Slashdot Mirror


A Diagnosis of Self-Healing Systems

gManZboy writes "We've been hearing about self-healing systems for a while, but (as is usual), so far it's more hype than reality. Well it looks like Mike Shapiro (from Sun's Solaris Kernel group) has been doing a little actual work in this direction. His prognosis is that there's a long way to go before we get fully self-healing systems. In this article he talks a little bit about what he's done, points out some alternative approaches to his own, as well as what's left to do."

1 of 149 comments (clear)

  1. UNIX is the problem. Tandem was the solution. by Animats · · Score: 5, Interesting
    There are operating systems for which "self-healing" is quite feasible, but UNIX is all wrong for it.

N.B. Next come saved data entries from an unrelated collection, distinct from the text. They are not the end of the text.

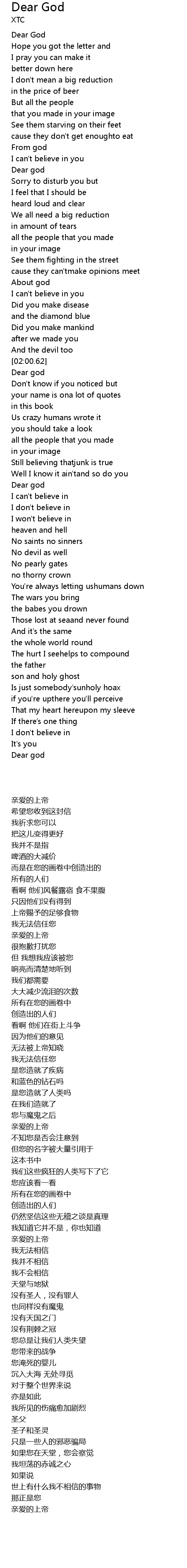 Dear God 歌词
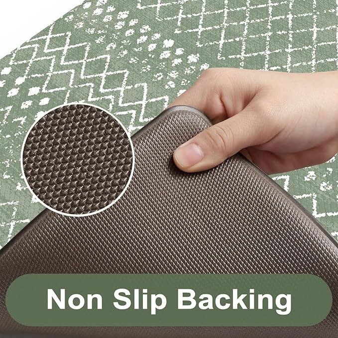 KIMODE Kitchen Anti Fatigue Mats, Green Farmhouse Kitchen Rugs Sets of 2, Memory Foam Kitchen Mats for Floor, Waterproof Standing Mat for Sink Laundry Office Desk 20"x47"+20"x32"
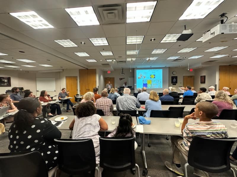 Eyob Mergia explains the process of creating art Feb. 8 at The Studio at the Sahara West Library, 9600 W. Sahara Ave. The piece by his elbow, one of a 12-panel piece of work that named for the exhibit, “The Philosophy of Form and Color, ” is actually the palette where he mixed colors for the other panels. Jan Hogan/View

    The most successful example is Tandem. For decades, systems that have to keep running have run on Tandem's operating system. For an overview of how they did it, see the 1985 paper Why Computers Stop and What Can Be Done About It.

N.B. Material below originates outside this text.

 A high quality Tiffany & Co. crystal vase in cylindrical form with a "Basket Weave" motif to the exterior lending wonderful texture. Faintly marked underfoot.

    The basic concepts are:

    • All the permanent state is in a database with proper atomic restart and recovery mechanisms.
    • Flat "files" are implemented on top of the database, not the other way round.
    • When applications fail, they are usually restarted completely, with any in-process transactions being backed out.
    • Applications with long-running state are tracked by a watching program on another machine which periodically receives state updates from the first program. If the first program fails, the watching program restarts it from a previous good state.

    Every time you use an ATM or trade a stock, somewhere a Tandem cluster was involved.

    Tandem's problem was that they had rather expensive proprietary hardware. You also needed extra hardware to allow for fail-operational systems. But it all really does work. HP still sells Tandem, but since Carly, it's being neglected, like most other high technology at HP.